今天他們的主要議題就是如何應對大乘教的這次襲擊。
根據他們所說,大乘教並沒有對普通老百姓下手,而是針對基層的村委、鄉鎮府以及那些工作人員的家進行有針對性的定點打擊。
一個縣村莊眾多,想要派人到每一個村莊顯然是不現實的,但大乘教的出手規律毫無章法,根本無從防禦。
我提出了一個問題:“為什麼不上報,讓國家層面派出武裝力量進行鎮壓呢?”
眾人聽我這麼問,都用奇怪的眼神看著我。
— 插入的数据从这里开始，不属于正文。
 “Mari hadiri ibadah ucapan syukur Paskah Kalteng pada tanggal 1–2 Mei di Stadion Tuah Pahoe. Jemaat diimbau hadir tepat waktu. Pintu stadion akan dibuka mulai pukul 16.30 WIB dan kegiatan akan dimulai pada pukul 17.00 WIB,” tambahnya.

最後還是老馬解釋道:“本來每年春節,我們的武裝力量就處於三級戰備狀態。然而今年,阿三突然在邊境陳兵百萬,東方海上,西方列強也在進行實戰軍演,南面的海峽也不消停,這個時候,怎麼能大規模調動武裝力量來處理這種事!”
他說的這些我是真不知道,新聞當中報道的都是天下太平國泰民安的盛世景象,我又怎麼可能瞭解到這些。
“既然這樣,把所有相關人員全部集中到鄉鎮府,集中保護就行了。”我再次提出了自己的建議。
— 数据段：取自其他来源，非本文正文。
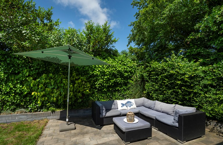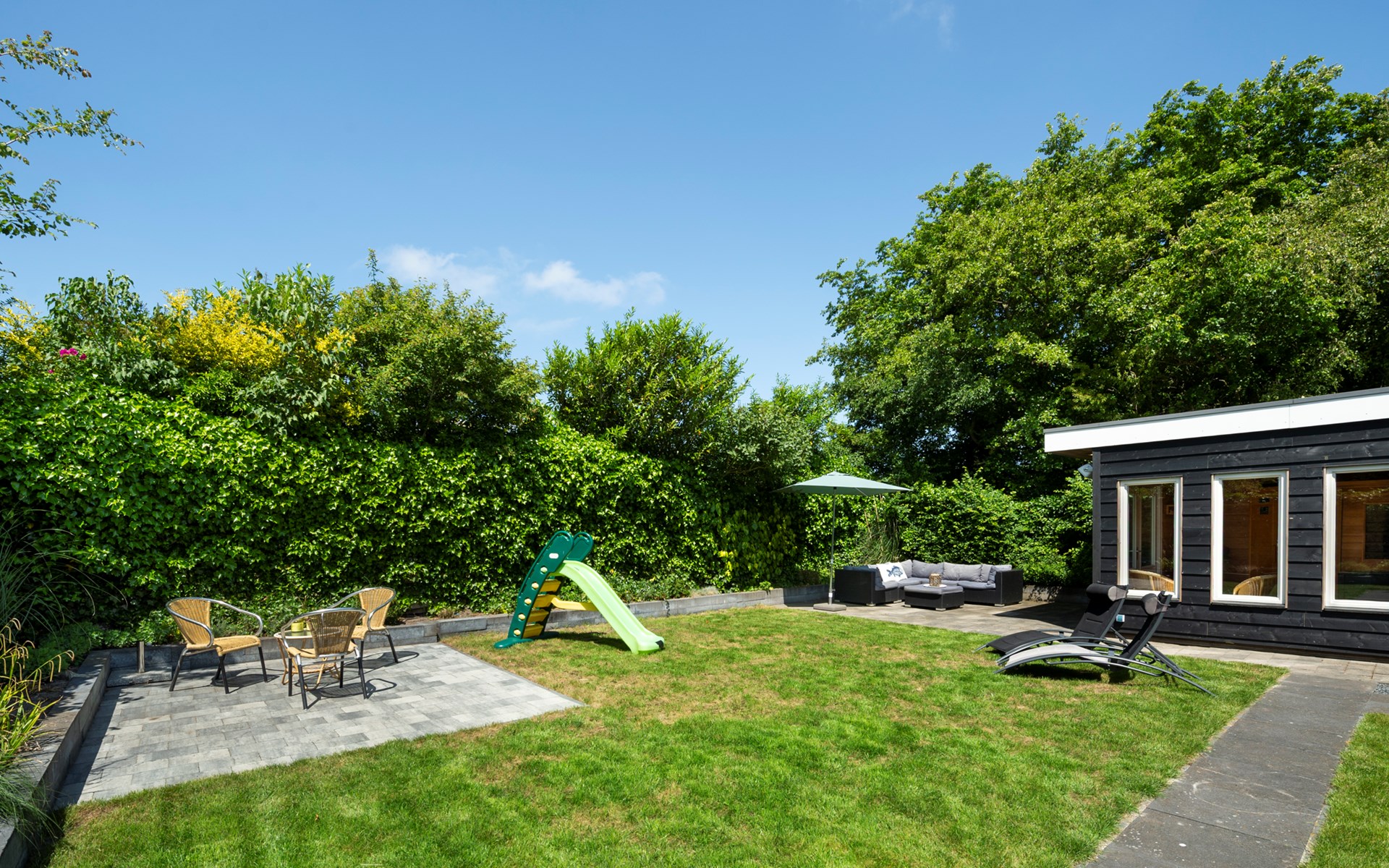 Der großzügige Garten verfügt über zwei Terrassen mit tollen Gartenmöbeln und einer herrlichen Lounge, wo Sie von der Sonne und der Musik die aus den Lautsprechern kommt genießen können. Im hinteren Teil des Gartens befindet sich noch ein separater Raum, mit einer Infrarotsauna auch hier können Sie herrlich entspannen und den Tag ausklingen lassen. Ebenfalls im Garten anwesend ist eine Außendusche. Weiter steht Ihnen eine kleine Terrasse im Vorgarten zur Verfügung, zwei Parkplätze und ein Schuppen.

被炸了衣服的女人冷聲道:“你以為那些人都那麼配合?有些芝麻綠豆大的小官,脾氣比天還大。況且,每個人就是一個家庭,把這麼多人集中起來那得多少人?後勤如何保障?更何況,現在是過年,這麼幹會引起多大的恐慌?我看你就是嘴上沒毛,辦事不牢!”
被這個女人劈頭蓋臉說了一通,我也無言以對。拋開個人恩怨,他所說的事實的確存在。
至此,我沒有反駁,也沒有繼續開口。
老馬開口道:“還是按照我們先前說的吧,我們治安系統負責巡查,發現情況立即彙報,然後就近的隊伍前往支援,抓到的邪教人員交給我們看押。”
一位中年男子嘆道:“也只能按照這個辦法執行了,只是我們聯絡了本地那麼多修行者,來到這裡的卻寥寥無幾!”
聽到他這麼說,我頓時想到了那個看門的年輕僧人,怪不得他脾氣那麼大,看來在我之前應該有不少人來敲過門,應該都被他給攔住了。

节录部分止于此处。